Records for the exercise
·····
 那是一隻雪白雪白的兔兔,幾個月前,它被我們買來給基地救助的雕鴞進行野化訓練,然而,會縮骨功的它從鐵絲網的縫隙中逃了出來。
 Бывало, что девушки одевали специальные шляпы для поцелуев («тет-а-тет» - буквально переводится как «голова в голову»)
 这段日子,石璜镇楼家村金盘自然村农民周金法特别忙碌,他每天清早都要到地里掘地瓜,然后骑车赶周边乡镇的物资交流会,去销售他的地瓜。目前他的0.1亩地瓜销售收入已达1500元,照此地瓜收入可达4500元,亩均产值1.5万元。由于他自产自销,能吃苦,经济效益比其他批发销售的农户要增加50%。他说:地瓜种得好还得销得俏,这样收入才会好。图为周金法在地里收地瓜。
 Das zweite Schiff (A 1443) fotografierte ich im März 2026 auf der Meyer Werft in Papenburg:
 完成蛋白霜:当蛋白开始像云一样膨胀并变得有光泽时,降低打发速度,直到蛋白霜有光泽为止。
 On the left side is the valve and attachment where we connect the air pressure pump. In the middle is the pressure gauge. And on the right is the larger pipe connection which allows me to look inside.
·····
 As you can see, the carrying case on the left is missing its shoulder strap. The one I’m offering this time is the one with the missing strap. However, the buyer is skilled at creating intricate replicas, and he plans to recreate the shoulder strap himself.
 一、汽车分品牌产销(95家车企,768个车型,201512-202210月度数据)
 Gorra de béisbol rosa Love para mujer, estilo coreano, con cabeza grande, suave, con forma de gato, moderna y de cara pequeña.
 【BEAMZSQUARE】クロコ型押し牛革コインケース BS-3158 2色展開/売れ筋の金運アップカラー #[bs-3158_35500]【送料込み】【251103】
·····
Goal of the exercise
Which lines run from the one holding "那是一隻雪白雪白的兔兔,幾個" through the one holding "这段日子,石璜镇楼家村金盘自" in the records above? Repeat them exactly, both included, and nothing more.

Answer box
 那是一隻雪白雪白的兔兔,幾個月前,它被我們買來給基地救助的雕鴞進行野化訓練,然而,會縮骨功的它從鐵絲網的縫隙中逃了出來。
 Бывало, что девушки одевали специальные шляпы для поцелуев («тет-а-тет» - буквально переводится как «голова в голову»)
 这段日子,石璜镇楼家村金盘自然村农民周金法特别忙碌,他每天清早都要到地里掘地瓜,然后骑车赶周边乡镇的物资交流会,去销售他的地瓜。目前他的0.1亩地瓜销售收入已达1500元,照此地瓜收入可达4500元,亩均产值1.5万元。由于他自产自销,能吃苦,经济效益比其他批发销售的农户要增加50%。他说:地瓜种得好还得销得俏,这样收入才会好。图为周金法在地里收地瓜。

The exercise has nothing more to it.